| Collected data |
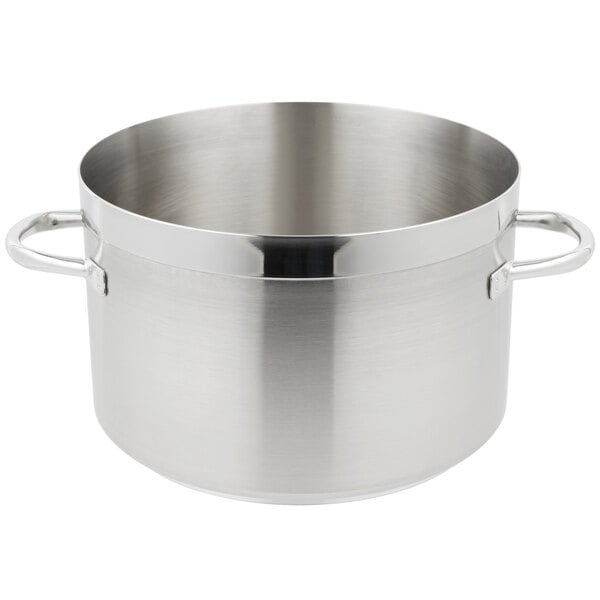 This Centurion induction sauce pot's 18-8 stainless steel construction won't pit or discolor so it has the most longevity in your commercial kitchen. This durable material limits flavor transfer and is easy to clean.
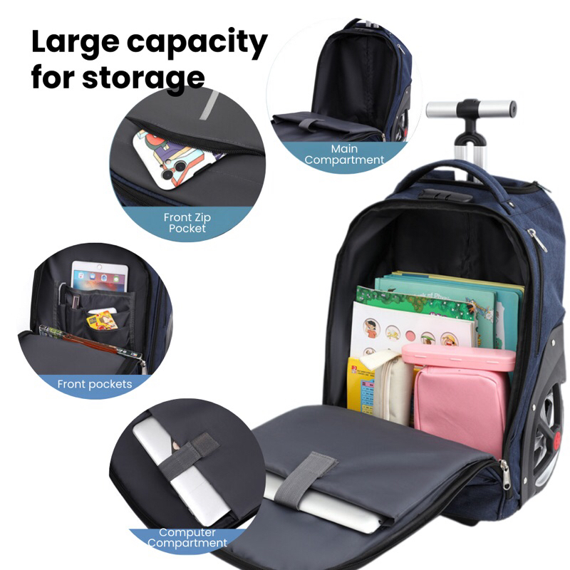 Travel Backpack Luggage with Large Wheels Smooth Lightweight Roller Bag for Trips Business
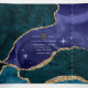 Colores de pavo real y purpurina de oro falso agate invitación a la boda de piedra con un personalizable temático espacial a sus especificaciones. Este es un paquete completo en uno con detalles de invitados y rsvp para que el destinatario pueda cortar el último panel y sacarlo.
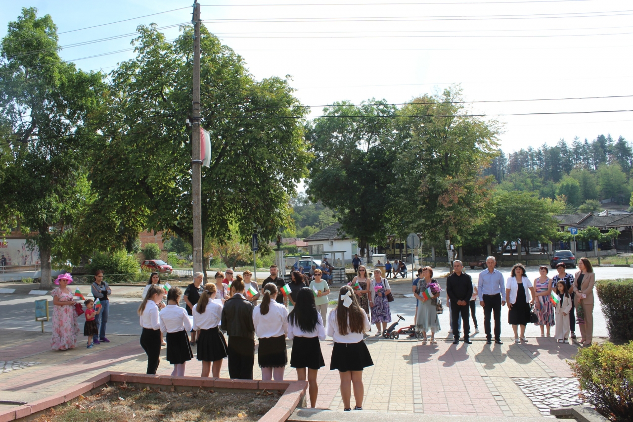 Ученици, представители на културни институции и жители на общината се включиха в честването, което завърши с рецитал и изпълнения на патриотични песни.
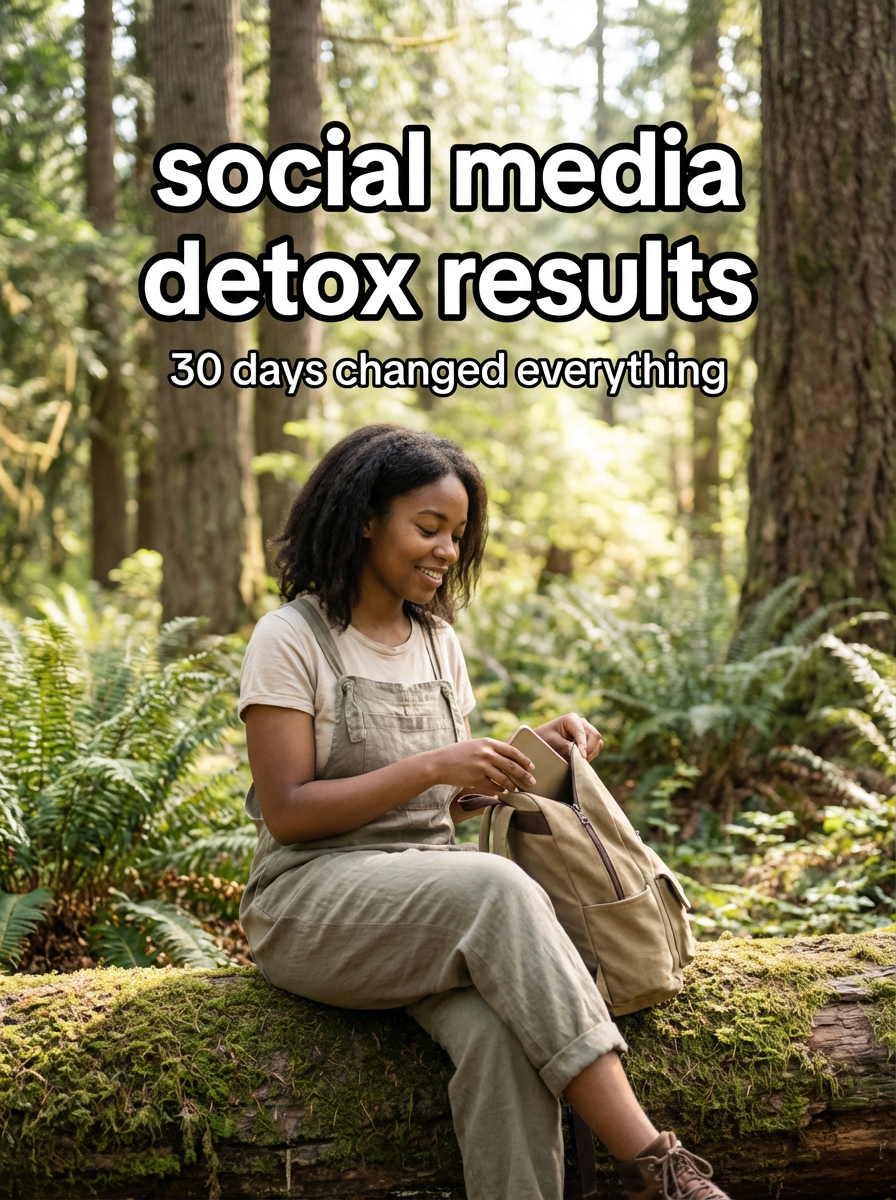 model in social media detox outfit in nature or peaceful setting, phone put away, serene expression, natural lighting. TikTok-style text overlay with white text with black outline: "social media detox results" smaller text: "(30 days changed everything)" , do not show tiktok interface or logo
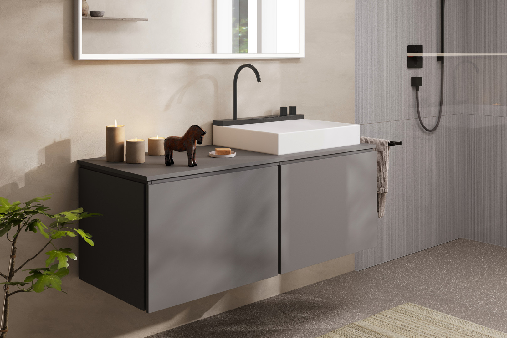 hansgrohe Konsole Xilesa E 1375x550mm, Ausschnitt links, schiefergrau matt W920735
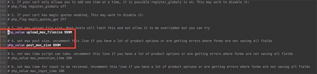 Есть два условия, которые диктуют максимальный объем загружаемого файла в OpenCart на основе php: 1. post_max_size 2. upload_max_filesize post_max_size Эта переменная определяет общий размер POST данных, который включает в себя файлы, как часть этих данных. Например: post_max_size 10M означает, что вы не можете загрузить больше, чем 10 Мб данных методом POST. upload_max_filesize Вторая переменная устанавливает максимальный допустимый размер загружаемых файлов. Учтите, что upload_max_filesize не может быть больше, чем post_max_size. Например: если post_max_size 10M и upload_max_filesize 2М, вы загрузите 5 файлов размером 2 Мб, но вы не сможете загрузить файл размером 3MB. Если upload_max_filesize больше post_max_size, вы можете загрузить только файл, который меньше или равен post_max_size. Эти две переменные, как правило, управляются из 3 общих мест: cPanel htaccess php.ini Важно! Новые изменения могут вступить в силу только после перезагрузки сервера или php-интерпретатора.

| INSTRUCTIONS TO FOLLOW |
Return each record as written, minus its images.

| ANSWER SPACE |
 This Centurion induction sauce pot's 18-8 stainless steel construction won't pit or discolor so it has the most longevity in your commercial kitchen. This durable material limits flavor transfer and is easy to clean.
 Travel Backpack Luggage with Large Wheels Smooth Lightweight Roller Bag for Trips Business
 Colores de pavo real y purpurina de oro falso agate invitación a la boda de piedra con un personalizable temático espacial a sus especificaciones. Este es un paquete completo en uno con detalles de invitados y rsvp para que el destinatario pueda cortar el último panel y sacarlo.
 Ученици, представители на културни институции и жители на общината се включиха в честването, което завърши с рецитал и изпълнения на патриотични песни.
 model in social media detox outfit in nature or peaceful setting, phone put away, serene expression, natural lighting. TikTok-style text overlay with white text with black outline: "social media detox results" smaller text: "(30 days changed everything)" , do not show tiktok interface or logo
 hansgrohe Konsole Xilesa E 1375x550mm, Ausschnitt links, schiefergrau matt W920735
 Есть два условия, которые диктуют максимальный объем загружаемого файла в OpenCart на основе php: 1. post_max_size 2. upload_max_filesize post_max_size Эта переменная определяет общий размер POST данных, который включает в себя файлы, как часть этих данных. Например: post_max_size 10M означает, что вы не можете загрузить больше, чем 10 Мб данных методом POST. upload_max_filesize Вторая переменная устанавливает максимальный допустимый размер загружаемых файлов. Учтите, что upload_max_filesize не может быть больше, чем post_max_size. Например: если post_max_size 10M и upload_max_filesize 2М, вы загрузите 5 файлов размером 2 Мб, но вы не сможете загрузить файл размером 3MB. Если upload_max_filesize больше post_max_size, вы можете загрузить только файл, который меньше или равен post_max_size. Эти две переменные, как правило, управляются из 3 общих мест: cPanel htaccess php.ini Важно! Новые изменения могут вступить в силу только после перезагрузки сервера или php-интерпретатора.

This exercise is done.